Michelle Whiteman, from anti-fraud organisation Financial Fraud Action UK, said that consumers must check their bank statements regularly and flag up any suspicious transactions to their bank.

She said that online, telephone and mail order fraud were on the increase, along with fraud committed abroad on UK cards, according to figures released in March.

But she stressed that any victim of fraud would “always be refunded in full”.

Further charges

FROM THE TODAY PROGRAMME

Mr Gonzales’ corporate victims included Heartland Payment Systems – a card payment processor – convenience store 7-Eleven and Hannaford Brothers, a supermarket chain, the DoJ said.

According to the indictment, the group researched the credit and debit card systems used by their victims, attacked their networks and sent the data to computer servers they operated in California, Illinois, Latvia, the Netherlands and Ukraine.

The data could then be sold on, enabling others to make fraudulent purchases, it said.

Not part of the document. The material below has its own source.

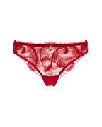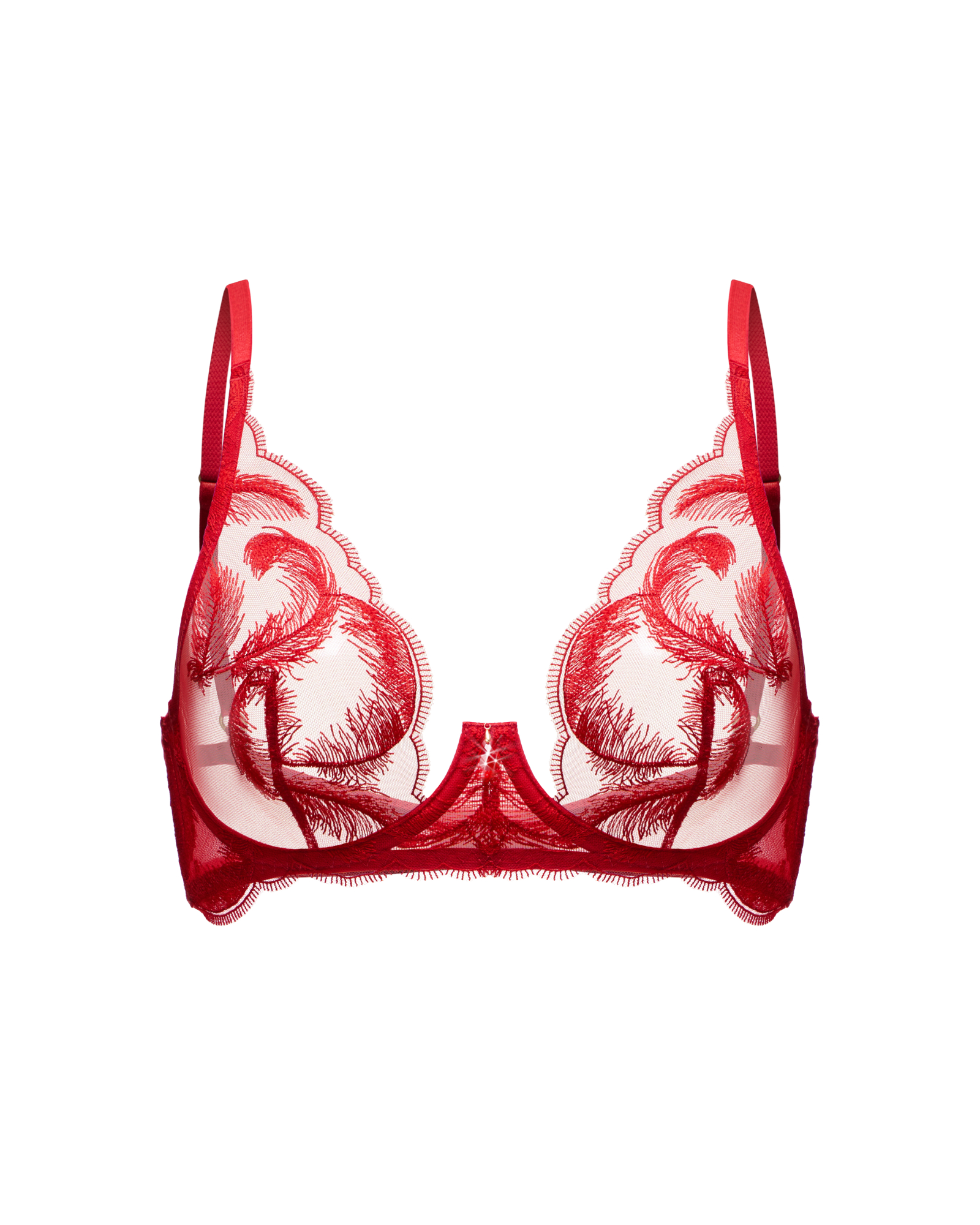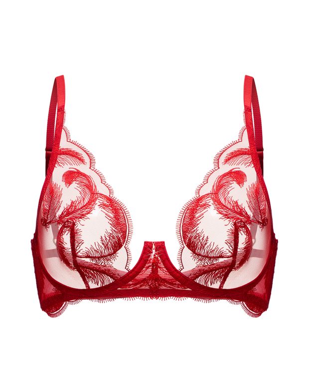 Мягкая красная сетка с вышивкой в виде лёгких перьев создаёт эффект парящей тени на коже, подчёркивая естественные линии тела.

Mr Gonzalez, who had once been an informant for the US Secret Service helping to track hackers, is already in custody on separate charges of hacking into the computer systems of a national restaurant chain and eight major retailers, including TJ Maxx, involving the theft of data related to 40 million credit cards.

Mr Gonzales is scheduled to go on trial for these charges in 2010.

This latest case will raise fresh concerns about the security of credit and debit cards used in the United States, the BBC’s Greg Wood reports.